Methods: Four hundred twenty-one consecutive patients are the basis for this study. Cause of delay was classified into 5 categories: patient delay (PD), doctor delay (DD), transportation delay (TD), no delay (ND) (within 2 hours of onset), and others. Condition of each patient was assessed at time of onset and admission using H&K. The relationships between cause of delay and worsening of Hunt and Kosnik grading (H&K) were examined.

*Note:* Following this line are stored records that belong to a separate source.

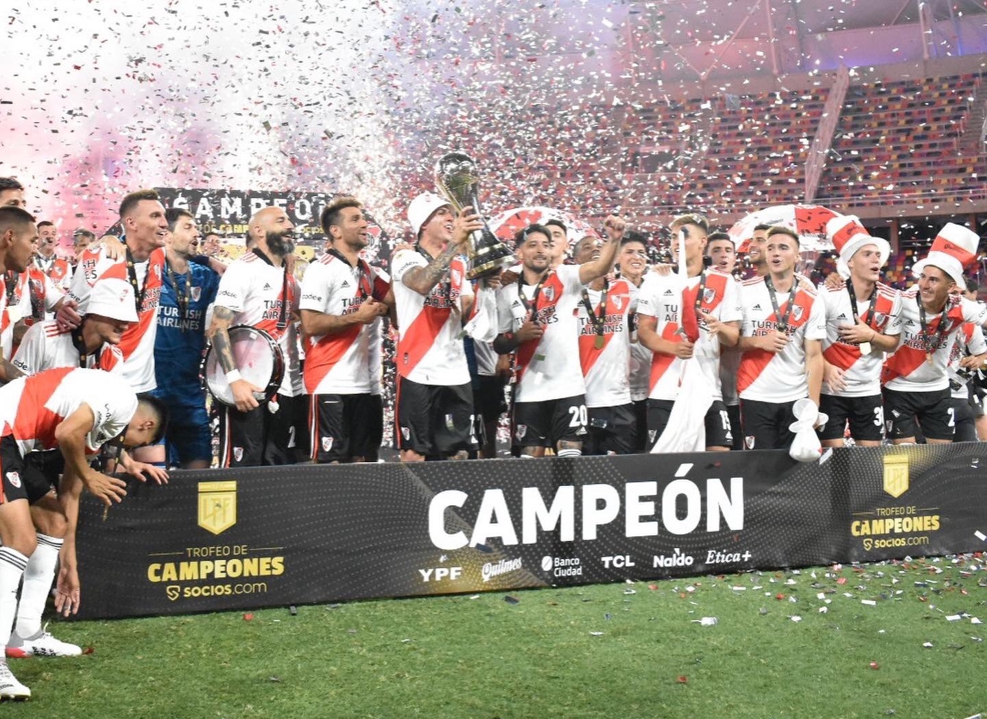 Con dos goles de Julián Álvarez, uno de Benjamín Rolheiser y el restante del colombiano Jorge Carrascal, el ‘Millonario’ sumó la tercera corona del año tras haber conquistado la Supercopa Argentina, el Torneo de la Liga Profesional y este Trofeo de Campeones.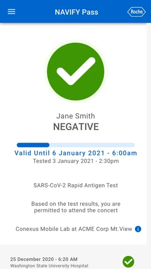 Receive, view, and display to others your test results that have been entered in the NAVIFY Pass system.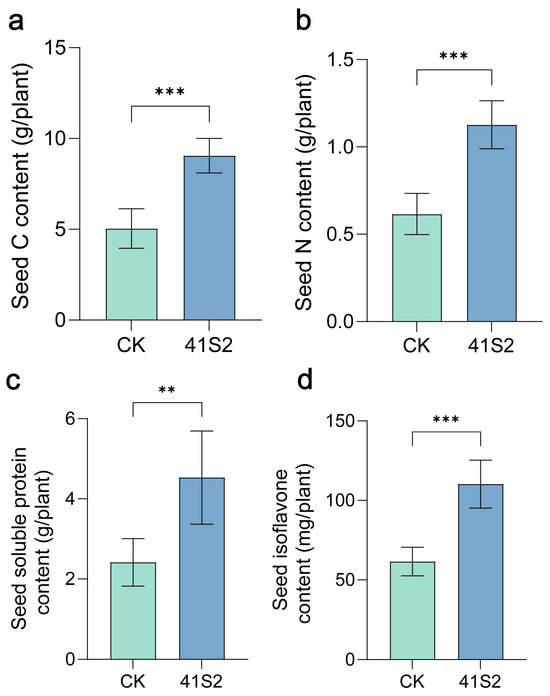 B. velezensis 41S2 improves seed quality under salt–alkaline soil. (a,b) C and N accumulation per plant. (c) Soluble protein content per plant. (d) Isoflavone content per plant. Values are means ± SD, with six independent biological replicates. Asterisks indicate significant differences between CK and 41S2 treatments: ** p < 0.01 and *** p < 0.001 by two-tailed Student’s t-test.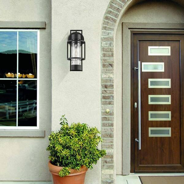 1-Light Textured Black Water Glass Not Motion Sensing Dusk to Dawn Outdoor Hardwired Wall Lantern Sconce, No Bulbs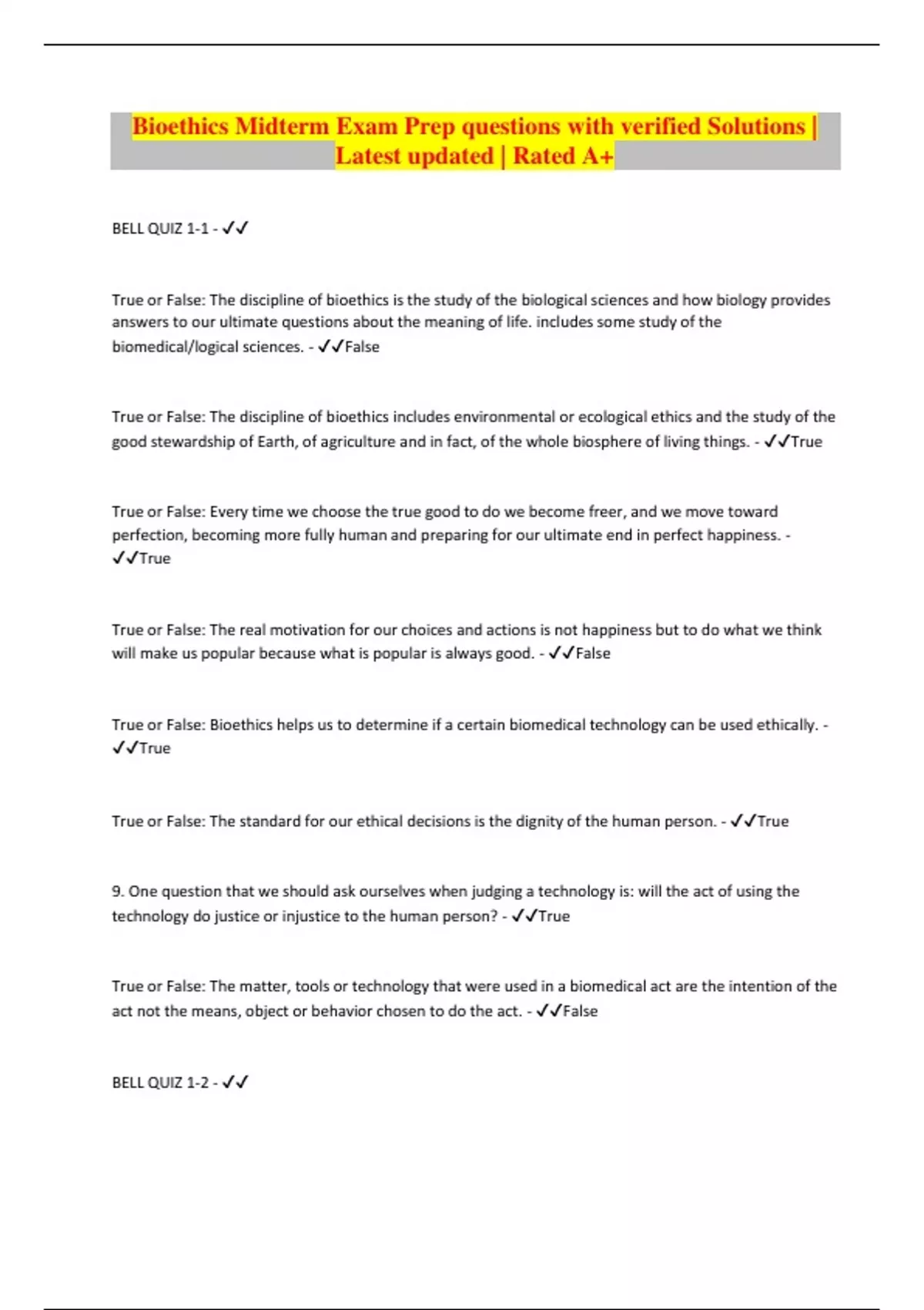 BELL QUIZ 1-1 - True or False: The discipline of bioethics is the study of the biological sciences and how biology provides answers to our ultimate questions about the meaning of life. includes some study of the biomedical/logical sciences. - False True or False: The discipline of bioethics includes environmental or ecological ethics and the study of the good stewardship of Earth, of agriculture and in fact, of the whole biosphere of living things. - True True or False: Every time we choose the true good to do we become freer, and we move toward perfection, becoming more fully human and preparing for our ultimate end in perfect happiness. - True True or False: The real motivation for our choices and actions is not happiness but to do what we think will make us popular because what is popular is always good. - False True or False: Bioethics helps us to determine if a certain biomedical technology can be used ethically. - True True or False: The standard for our ethical decisions is the dignity of the human person. - True 9. One question that we should ask ourselves when judging a technology is: will the act of using the technology do justice or injustice to the human person? - True True or False: The matter, tools or technology that were used in a biomedical act are the intention of the act not the means, object or behavior chosen to do the act. - False BELL QUIZ 1-2 -

Results: The median delay time was 1.7 days. Only 41% of patients visited our institution without delay. Admission delay, especially PD and DD, exhibited a significant correlation to worsening of H&K. In addition to nondirect admission, misdiagnosis or delayed diagnosis contributed significantly to worsening of H&K. Incidence of DD has declined in recent years, whereas that of PD has increased. Consequently, no change in total number of delays was found.
Conclusions: There remains much room for an improvement of prognosis for aSAH by early admission. We need to fully realize this reality and to directly face this problem.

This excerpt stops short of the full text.